IPython 5.5.0 -- An enhanced Interactive Python.
? -> Introduction and overview of IPython's features.
%quickref -> Quick reference.
help -> Python's own help system.
object? -> Details about 'object', use 'object??' for extra details.

In [1]: from maasserver.models import Subnet

In [2]: Subnet.objects.get_best_subnet_for_ip('192.168.1.1')

In [3]: Subnet.objects.get_best_subnet_for_ip('10.0.0.100')
Out[3]: <Subnet: 10.0.0.0/24:10.0.0.0/24(vid=0)>

Are rack controllers defined for subnet C?
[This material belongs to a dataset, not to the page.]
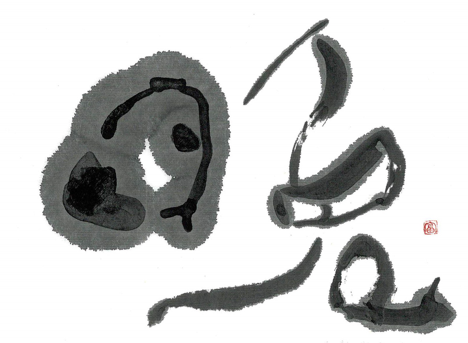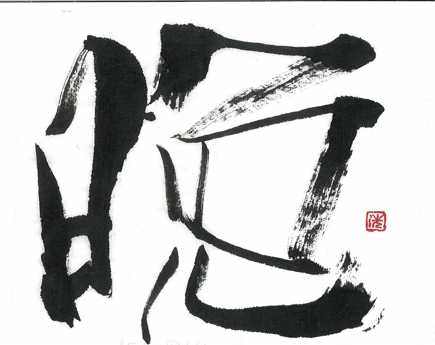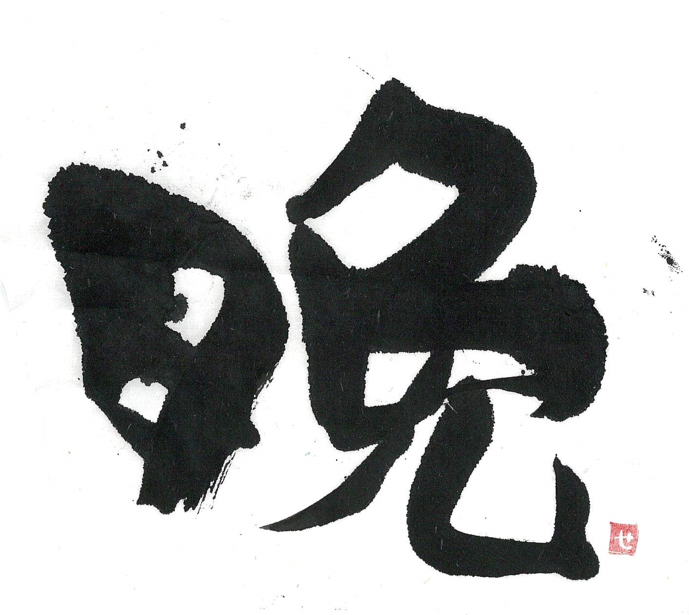 評:線の勢いが強くカスレが効果的です。晩は遅いや暮れの意味がありますが黒を見せるには周りの白やカスレがあるとより引き立ちます。しっかり墨をつけて黒々した日暮れの様子を表現してみましょう。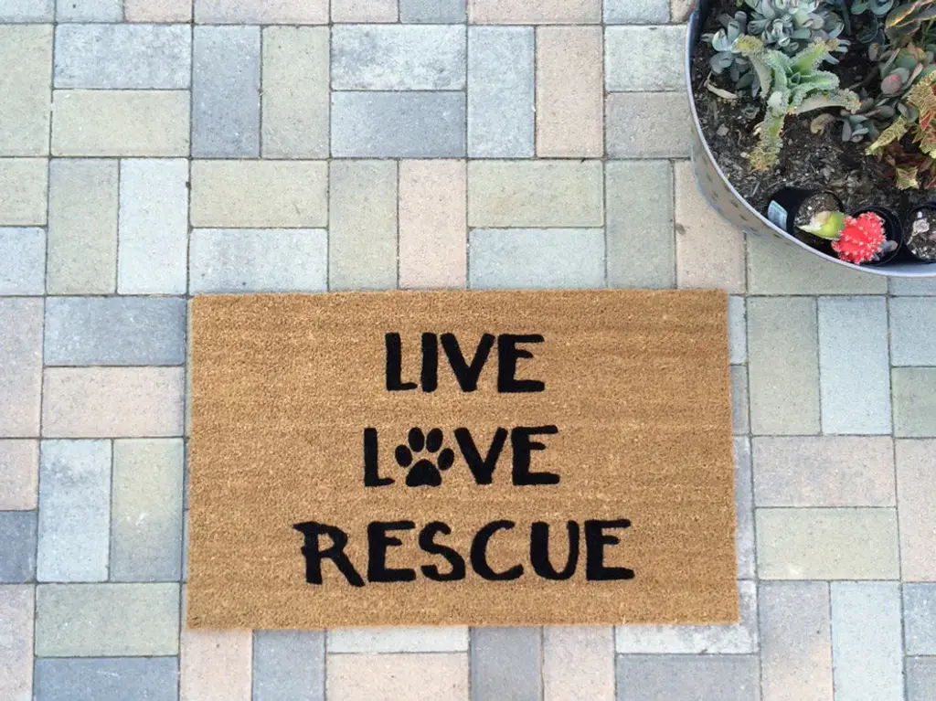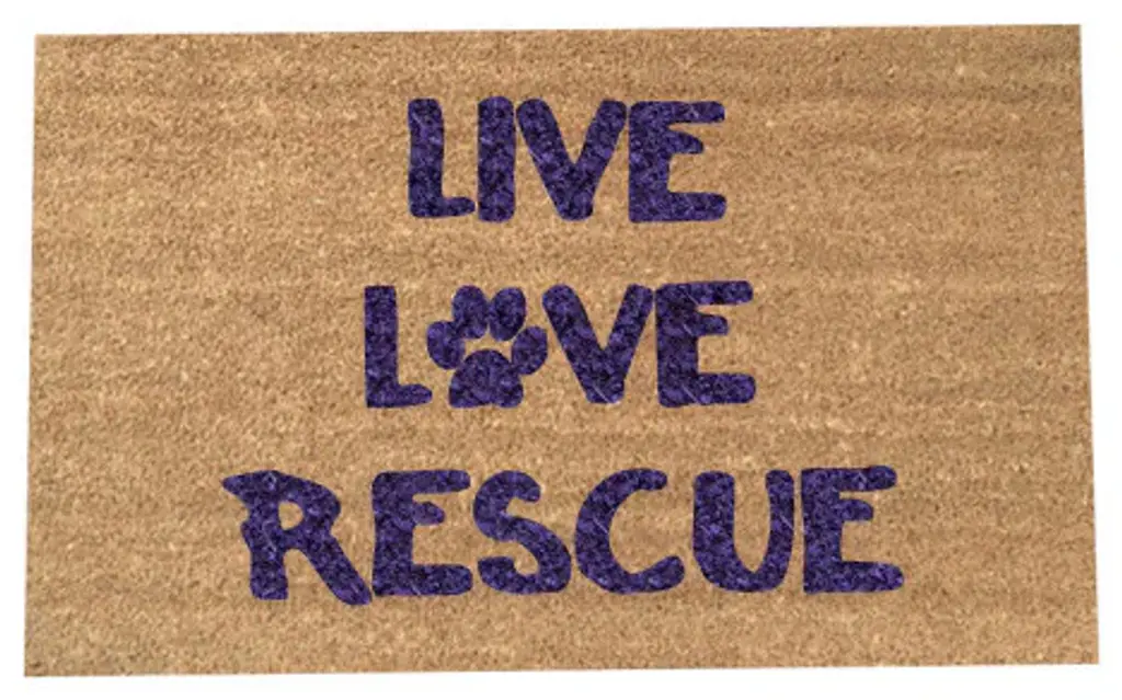 Rescue Dog / Cat welcome mat. This hand painted doormat shows that you support animal rescue efforts! $5.00 donation for each sale!- Our ''Live Love Rescue'' doormat is the perfect way to share your love of animals! $5.00 will be donated to animal rescues for each ''Live Love Rescue'' doormat sold!! Our welcome mats are hand- painted and each design is available in a wide variety of colors. - All of our mats are tan/natural brown in color. The natural coir fibers of the doormat are from the husk of the coconut which is mold and mildew resistant and have an extra- sturdy, thick vinyl backing to ensure they wont slide around, no matter the surface. Though we use all- weather paints and a UV sealant to ensure that your mat is perfect for your doorstep, we suggest that you keep your mat as dry as possible to avoid darkening of the fibers. To clean, simply shake out...easy as that! - This product is made to order. We do our best to process and ship standard orders as quickly as possible. Please observe lead times. - Color Options: Black Soul, Troubled Times Gray, Bleeding Heart, Cherry Lips, Pretty in Pink, Mr. Jones Orange, Min. Mustard Yellow, Daphne Dill Green, Lucky Charm Green, Kelly Green, Amazon Dark Green, Little Boy Blue, Bfast at Tiffany Blue, Sophie Sky Blue, Pacific Blue, Midnight Dark Blue, CA Bear Brown, Jelly Dark Purple

I suspect that if you configured the machine to use DHCP the DNS from the rack would be used. Another way to fix this would be to define the DNS servers for subnet C to use.

Revision history for this message

Nick Niehoff (nniehoff) wrote on 2020-07-09:

In my test environment:

>>> Subnet.objects.get_best_subnet_for_ip('10.12.19.7')
<Subnet: Subnet-Test2:10.12.19.0/24(vid=19)>
>>> Subnet.objects.get_best_subnet_for_ip('10.12.15.7')
<Subnet: Subnet-OSMgmt:10.12.15.0/24(vid=15)>

Subnet-Test2:10.12.19.0/24 is what I have referred to in this case as subnet C
Subnet-OSMgmt:10.12.15.0/24 is what I have referred to in this case as subnet B

from the cli "maas admin subnets read" I the same primary and secondary rack controllers for both subnets.

The workaround we found was to explicitly set the DNS servers on subnet C to point to the rack controllers. But I expected it to point to the rack controllers by default.

Lee Trager (ltrager) on 2020-07-10

Changed in maas:
status:	Incomplete → Triaged

Revision history for this message

Lee Trager (ltrager) wrote on 2020-07-10:

I think I've come up with a patch which should fix this. The code which determined DNS servers was generated by looking at what URLs each controller is configured to use. I've changed this to using any IP address a rack controller has which is on the same VLAN as the machine.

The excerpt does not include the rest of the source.